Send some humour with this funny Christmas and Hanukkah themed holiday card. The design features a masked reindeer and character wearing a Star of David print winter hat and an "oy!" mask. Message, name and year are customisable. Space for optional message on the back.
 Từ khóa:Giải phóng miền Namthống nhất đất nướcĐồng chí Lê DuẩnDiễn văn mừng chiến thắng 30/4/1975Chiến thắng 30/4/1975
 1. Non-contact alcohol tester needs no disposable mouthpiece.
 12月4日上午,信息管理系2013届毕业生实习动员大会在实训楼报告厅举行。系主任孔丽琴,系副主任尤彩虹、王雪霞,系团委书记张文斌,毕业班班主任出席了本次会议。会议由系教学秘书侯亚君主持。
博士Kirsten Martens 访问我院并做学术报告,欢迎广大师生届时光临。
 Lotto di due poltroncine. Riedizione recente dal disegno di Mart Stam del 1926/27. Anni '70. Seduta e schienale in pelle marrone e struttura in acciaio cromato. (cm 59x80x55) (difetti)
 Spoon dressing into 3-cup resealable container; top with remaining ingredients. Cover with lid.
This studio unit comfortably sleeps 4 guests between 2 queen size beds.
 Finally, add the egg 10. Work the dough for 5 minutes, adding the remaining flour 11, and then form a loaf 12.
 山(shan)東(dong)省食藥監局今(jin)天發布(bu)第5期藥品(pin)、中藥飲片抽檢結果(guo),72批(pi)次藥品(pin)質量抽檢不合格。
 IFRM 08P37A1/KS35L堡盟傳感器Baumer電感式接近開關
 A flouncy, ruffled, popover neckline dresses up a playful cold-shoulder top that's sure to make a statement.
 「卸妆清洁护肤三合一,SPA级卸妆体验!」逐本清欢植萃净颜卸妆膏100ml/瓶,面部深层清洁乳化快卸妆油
* * *
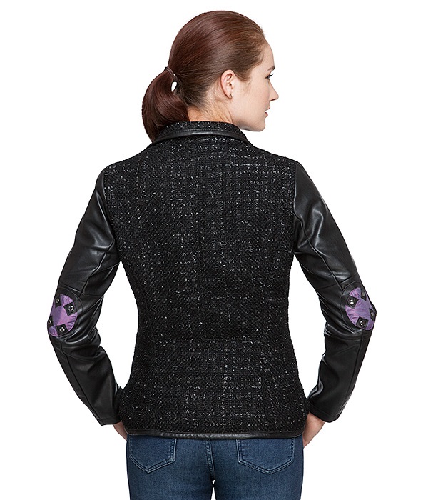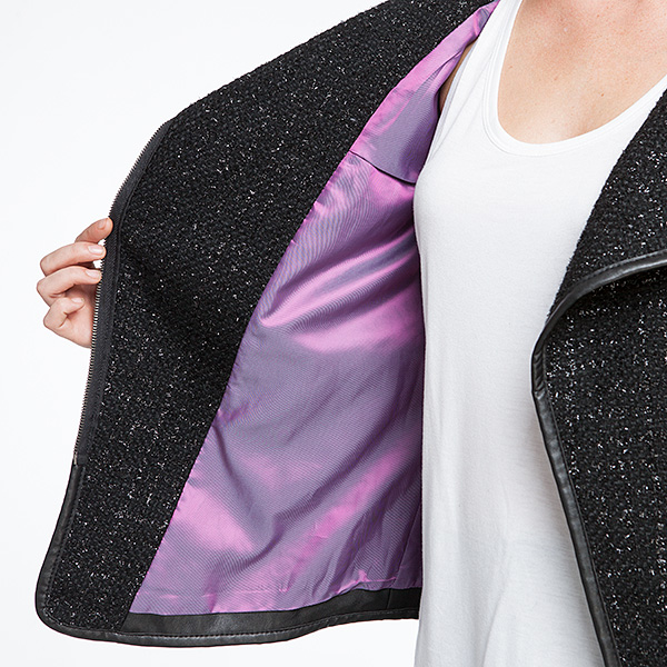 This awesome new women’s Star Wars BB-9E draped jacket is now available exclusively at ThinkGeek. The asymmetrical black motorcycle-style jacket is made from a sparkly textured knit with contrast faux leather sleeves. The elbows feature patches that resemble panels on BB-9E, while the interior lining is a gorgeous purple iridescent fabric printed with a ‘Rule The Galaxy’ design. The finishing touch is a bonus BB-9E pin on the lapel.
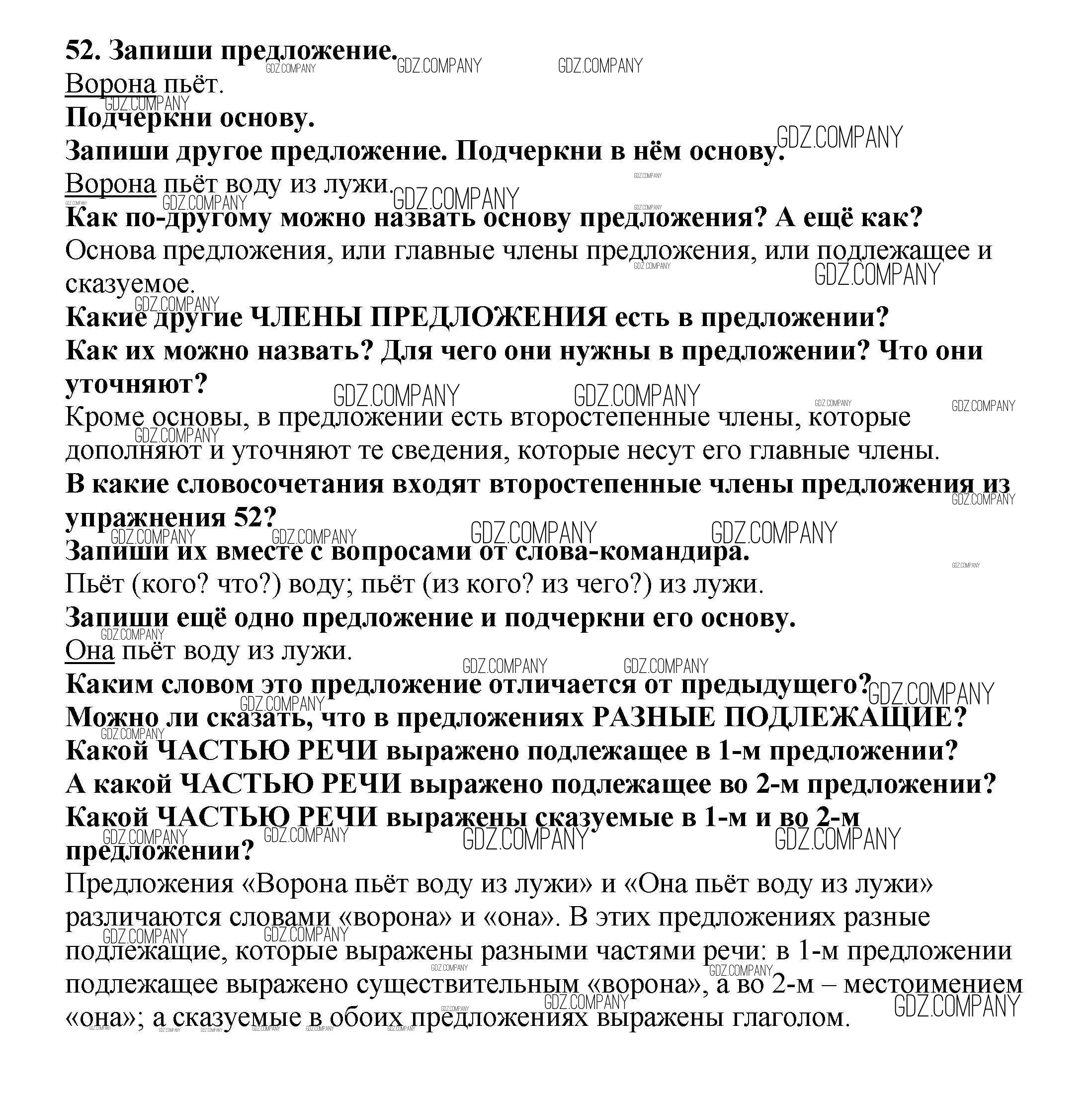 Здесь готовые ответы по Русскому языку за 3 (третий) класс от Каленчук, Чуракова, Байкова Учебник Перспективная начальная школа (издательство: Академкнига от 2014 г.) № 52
==
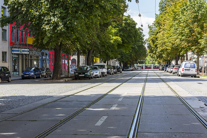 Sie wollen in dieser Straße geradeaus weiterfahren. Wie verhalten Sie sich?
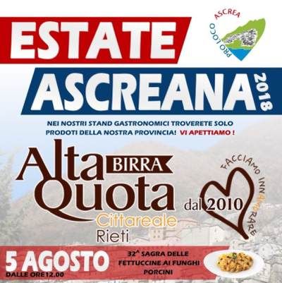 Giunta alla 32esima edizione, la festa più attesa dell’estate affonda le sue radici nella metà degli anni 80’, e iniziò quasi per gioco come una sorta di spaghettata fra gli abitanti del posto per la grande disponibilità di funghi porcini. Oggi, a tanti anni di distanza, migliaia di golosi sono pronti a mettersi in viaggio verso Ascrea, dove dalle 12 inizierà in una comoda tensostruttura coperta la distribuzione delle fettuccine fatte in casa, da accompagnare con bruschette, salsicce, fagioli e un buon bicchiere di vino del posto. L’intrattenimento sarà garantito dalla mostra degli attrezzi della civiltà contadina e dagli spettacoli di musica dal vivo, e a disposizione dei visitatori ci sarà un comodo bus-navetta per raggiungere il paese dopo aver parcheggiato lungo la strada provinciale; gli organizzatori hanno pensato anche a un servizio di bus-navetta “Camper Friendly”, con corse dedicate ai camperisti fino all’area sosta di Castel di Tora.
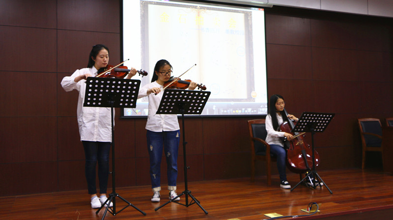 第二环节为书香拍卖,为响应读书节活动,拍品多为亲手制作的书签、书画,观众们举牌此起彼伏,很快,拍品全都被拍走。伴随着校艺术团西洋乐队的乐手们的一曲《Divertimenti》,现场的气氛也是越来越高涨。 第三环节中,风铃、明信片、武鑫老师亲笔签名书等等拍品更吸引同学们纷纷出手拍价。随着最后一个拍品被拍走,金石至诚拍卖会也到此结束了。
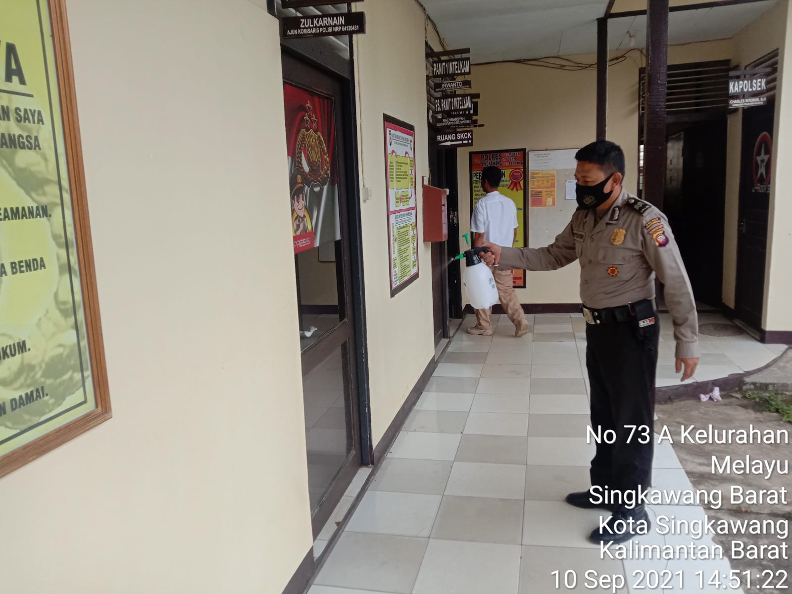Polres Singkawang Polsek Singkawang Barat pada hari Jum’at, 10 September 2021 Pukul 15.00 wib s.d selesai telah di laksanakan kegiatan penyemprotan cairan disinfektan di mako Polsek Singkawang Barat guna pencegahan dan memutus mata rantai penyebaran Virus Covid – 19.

● **Exercise description**
Going through the data above, return each line with the word "remaining".

● **Response to the exercise**
 Spoon dressing into 3-cup resealable container; top with remaining ingredients. Cover with lid.
 Finally, add the egg 10. Work the dough for 5 minutes, adding the remaining flour 11, and then form a loaf 12.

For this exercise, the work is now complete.